• What the task requires
Begin at the line that contains "staff was friendly, great" and reproduce it along with every line after it to the end of the listing; skip any pictures.
### Exercise data ###
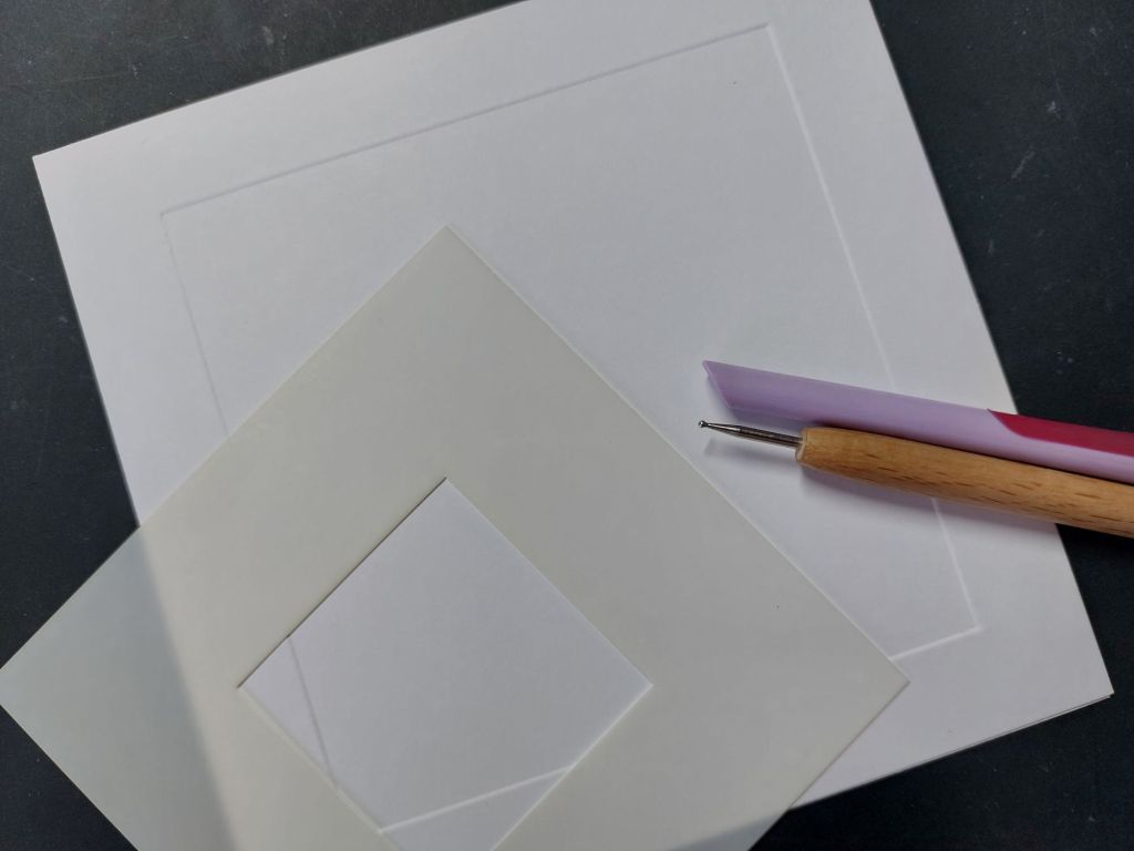 You may have spotted that I also love using Clarity’s embedders to emboss frames onto my cards and I thought I’d just take a minute to refresh the technique for you too. I used one of the square nested embedders on this 6×6 card blank as it was the right size to frame my topper (as good a reason as any!) I used low tack tape to hold the embedder on the front of the card, then turned to the inside to emboss it. I was previously using a bone folder to initially locate the embedder, but have now discovered that the base of the new stamp pens works really well – they are angled so it’s easy to run them around the embedder to make the initial crease, before sharpening it up with a #2 embossing tool.
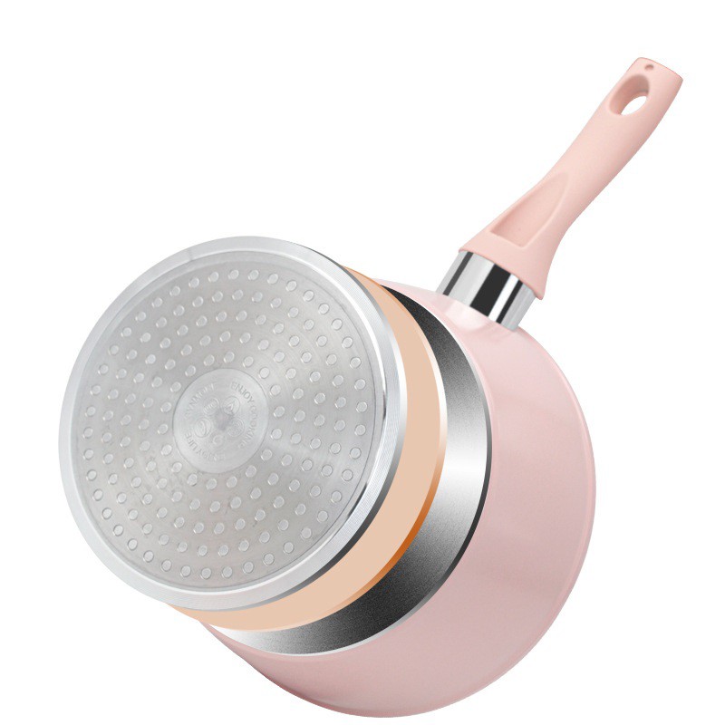Giới thiệu Bộ Nồi Chảo Cho Bé Ăn Dặm Chống Dính 16cm Cao Cấp, Vân Đá Hoa Cương Hồng, Đáy Từ Dùng Mọi Loại Bếp
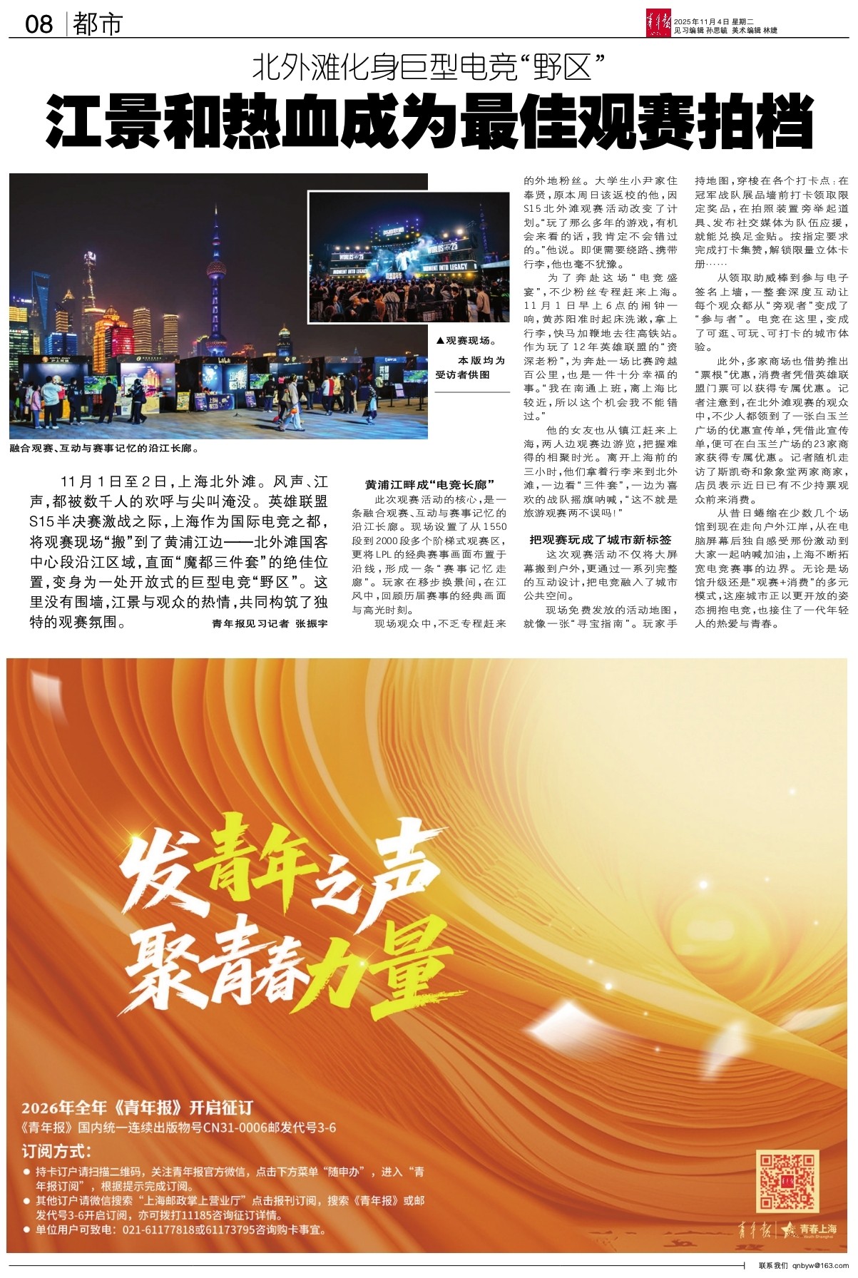 从昔日蜷缩在少数几个场馆到现在走向户外江岸,从在电脑屏幕后独自感受那份激动到大家一起呐喊加油,上海不断拓宽电竞赛事的边界。无论是场馆升级还是“观赛+消费”的多元模式,这座城市正以更开放的姿态拥抱电竞,也接住了一代年轻人的热爱与青春。
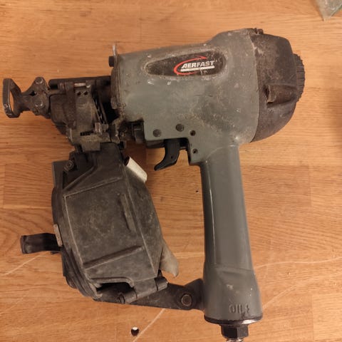 PASLODE tryckluftsdriven Luft/Pappspik pistol (5,5-8,3 bar för 0° pappspik på 35-65mm). Snabbladdat magasin för upp till 325 spikar. I fint skick. Nypris för denna modell är ca 9000 kr. Pris för båda 3300kr.
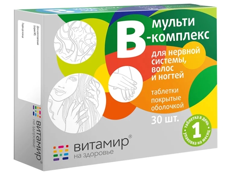 Multi B-complex Vitamir tab. p / o No. 30 is designed to improve the condition of the skin, hair and nails, as well as the nervous system. It is intended for people aged 18+. It is used as a biological food supplement, as an additional source of B vitamins, inositol, para-aminobenzoic acid containing choline.
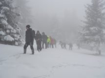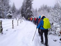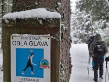 Zbog snijega i magle planirana kraća ruta prema izletištu i vrhu Obla glava izmijenjena je, te je kolona nastavila obilazak preko Zaruđa, prateći žute markacije „Puta zdrave hrane“. Dolaskom na izletište i restoran Wigvam, planinari su nastavili uređenom trim-stazom do vrha Obla glava, gdje je napravljen kraći odmor i doručak.
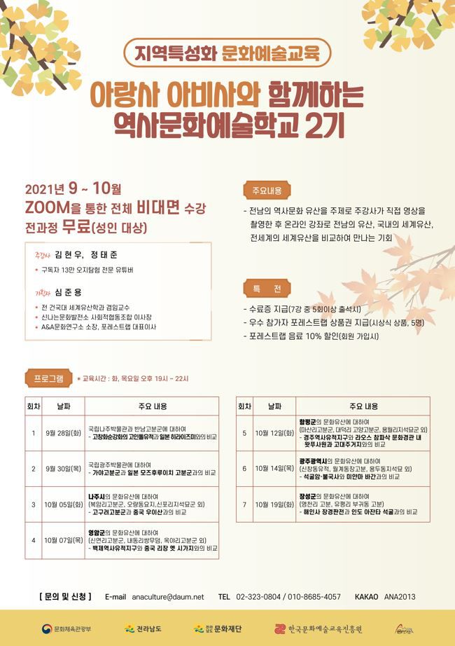 <아랑사아비사와 함께하는 역사문화예술학교 2, 3기 수강생 모집>
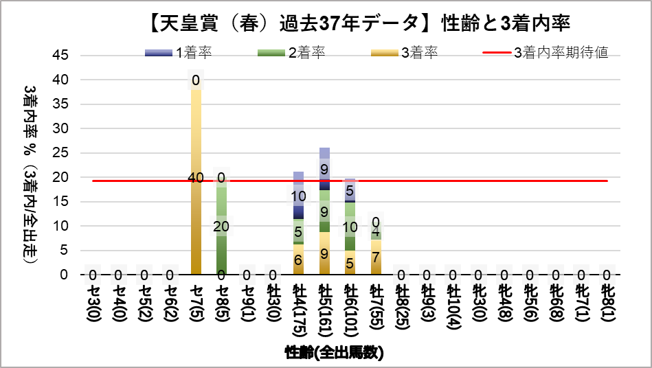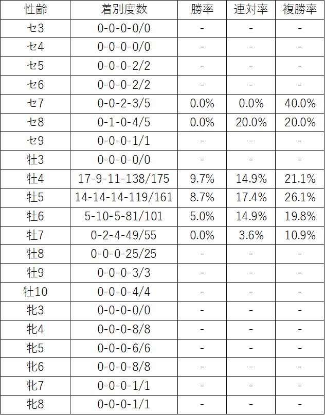 牡馬5歳(複勝率26.1%)に統計的有意差が認められ、平均複勝率(19%)よりも好走する傾向が見られた。
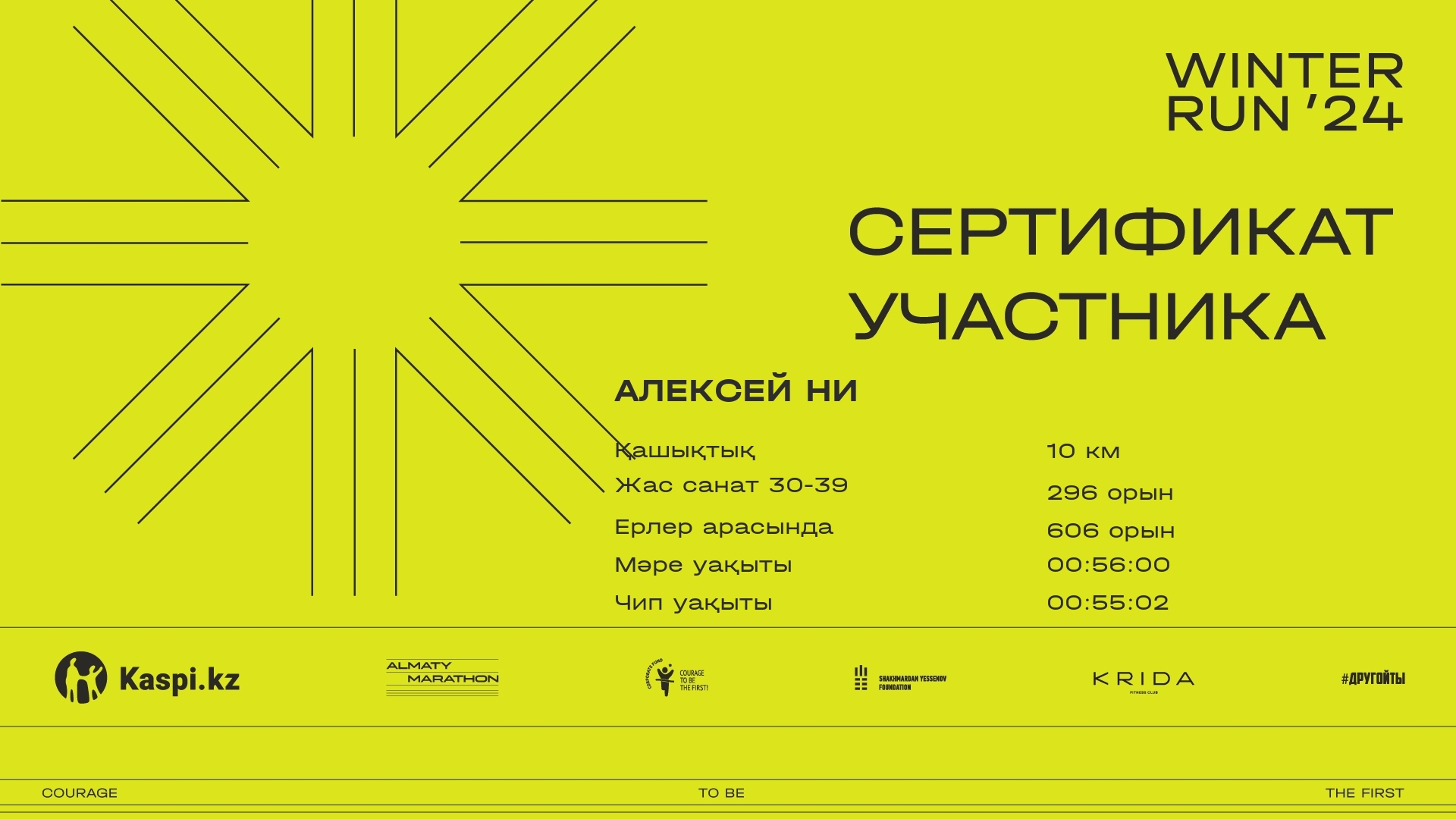 | 1264 | Алина Ибрагимова | ![]() | Алматы | 621 | 00:09:51 | 00:35:17 | 00:55:46 | 01:06:50 | 01:06:10 | Жүктеп алу |
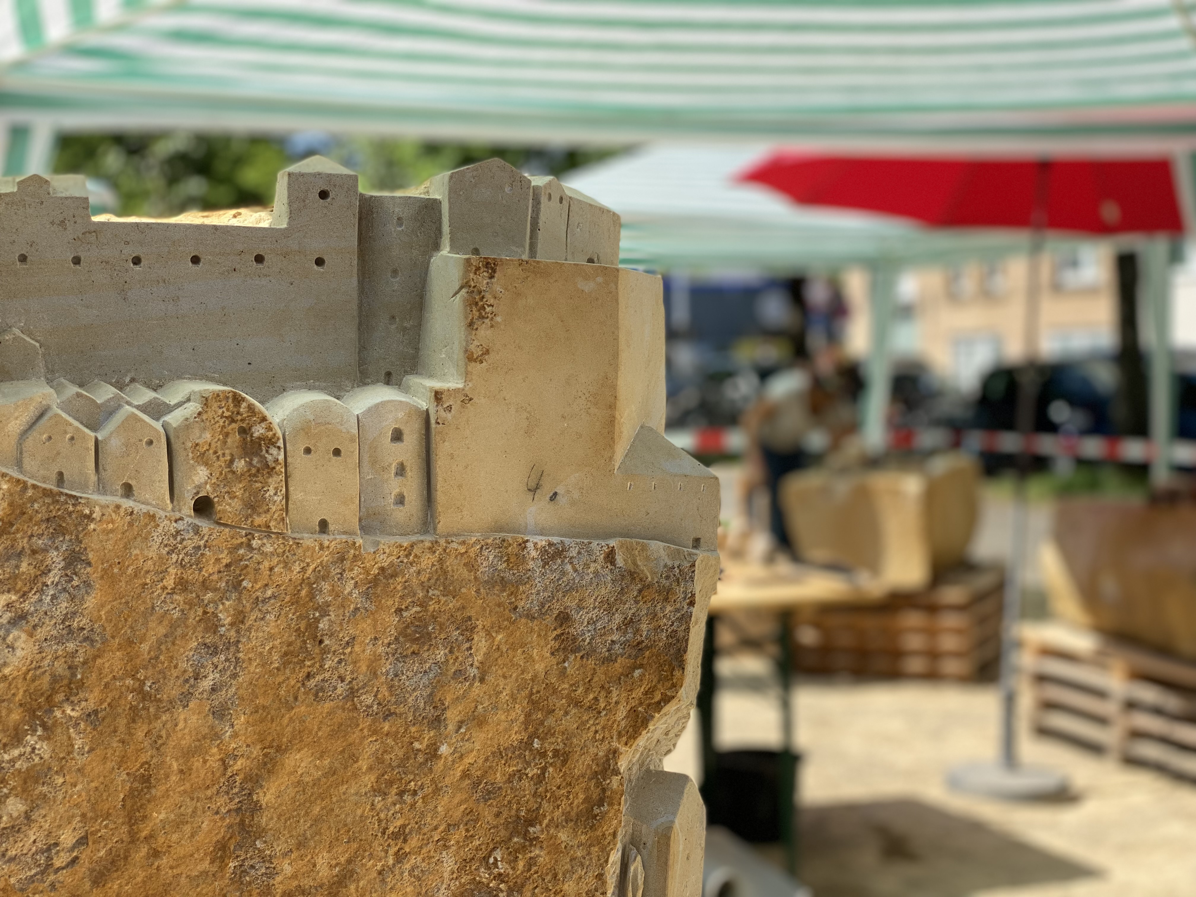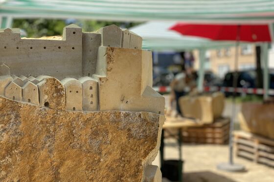 Nächster Stop: Das Haus der Religionen. Hier entsteht während des Kirchentags ein Garten der besonderen Art. Durch die Anleitung von einem Steinmetz nehmen die acht Sandsteinblöcke nach und nach die Form einer Friedensstadt an. So wird es auch über den Kirchentag hinaus einen einzigartigen Ort vor dem Haus der Religionen geben, der an diese Zeit erinnert. Dass der Kirchentag in seiner gastgebenden Stadt etwas dauerhaft hinterlässt, ist eine Premiere. Für Hannover als Geburtsstadt des Kirchentag durchaus passend.
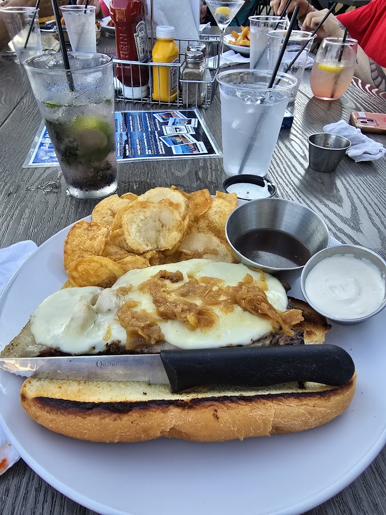 staff was friendly, great sounding band playing on the deck outside, prime rib sandwich was delicious, definitely will be going back
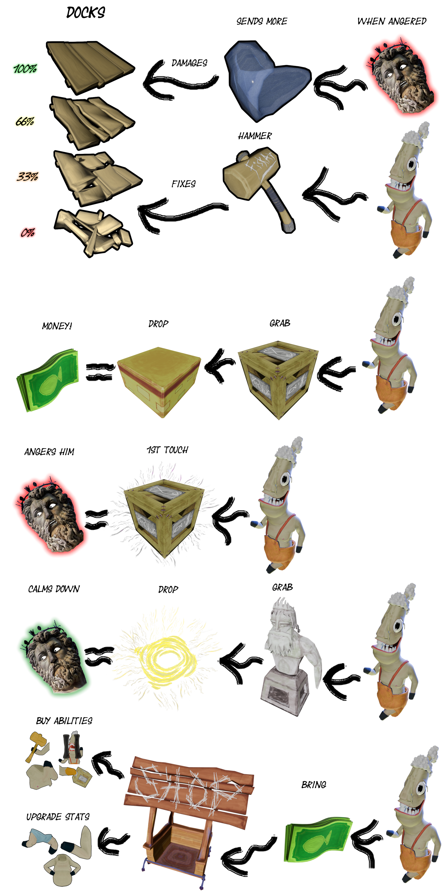 Objective - Safely carry crates of worthy bounty off poachers ships, that regularly resupply your harbour. These crates garner you money, which you can spend at the store to upgrade your capabilities and claim neat abilities to assist you in your arduous task at hand. Stay safe, don't anger the Neptune for his waves are deadly and his fury ceaseless. Look to appease him to ease his harassments.
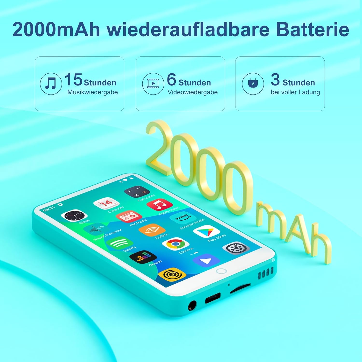 • 【Unleash Endless Entertainment】Unser MP4-Player verfügt über einen leistungsstarken 2000mAh-Akku mit USB-C-Schnellladung. Geniessen Sie bemerkenswerte 20 Stunden mit Bluetooth-Kopfhörern, 35 Stunden mit kabelgebundenen Kopfhörern und 5-6 Stunden
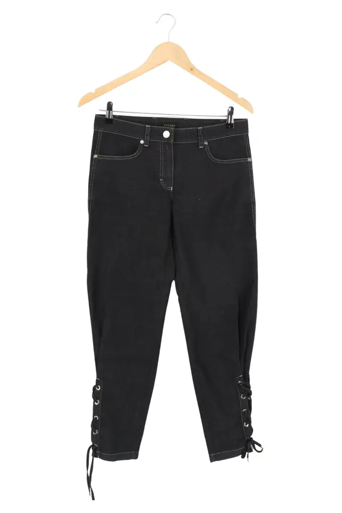 Damen Stoffhose Schwarz Baumwolle Gr. M Elegant Casual Lacing
###
• Answer for this exercise
 staff was friendly, great sounding band playing on the deck outside, prime rib sandwich was delicious, definitely will be going back
 Objective - Safely carry crates of worthy bounty off poachers ships, that regularly resupply your harbour. These crates garner you money, which you can spend at the store to upgrade your capabilities and claim neat abilities to assist you in your arduous task at hand. Stay safe, don't anger the Neptune for his waves are deadly and his fury ceaseless. Look to appease him to ease his harassments.
 • 【Unleash Endless Entertainment】Unser MP4-Player verfügt über einen leistungsstarken 2000mAh-Akku mit USB-C-Schnellladung. Geniessen Sie bemerkenswerte 20 Stunden mit Bluetooth-Kopfhörern, 35 Stunden mit kabelgebundenen Kopfhörern und 5-6 Stunden
 Damen Stoffhose Schwarz Baumwolle Gr. M Elegant Casual Lacing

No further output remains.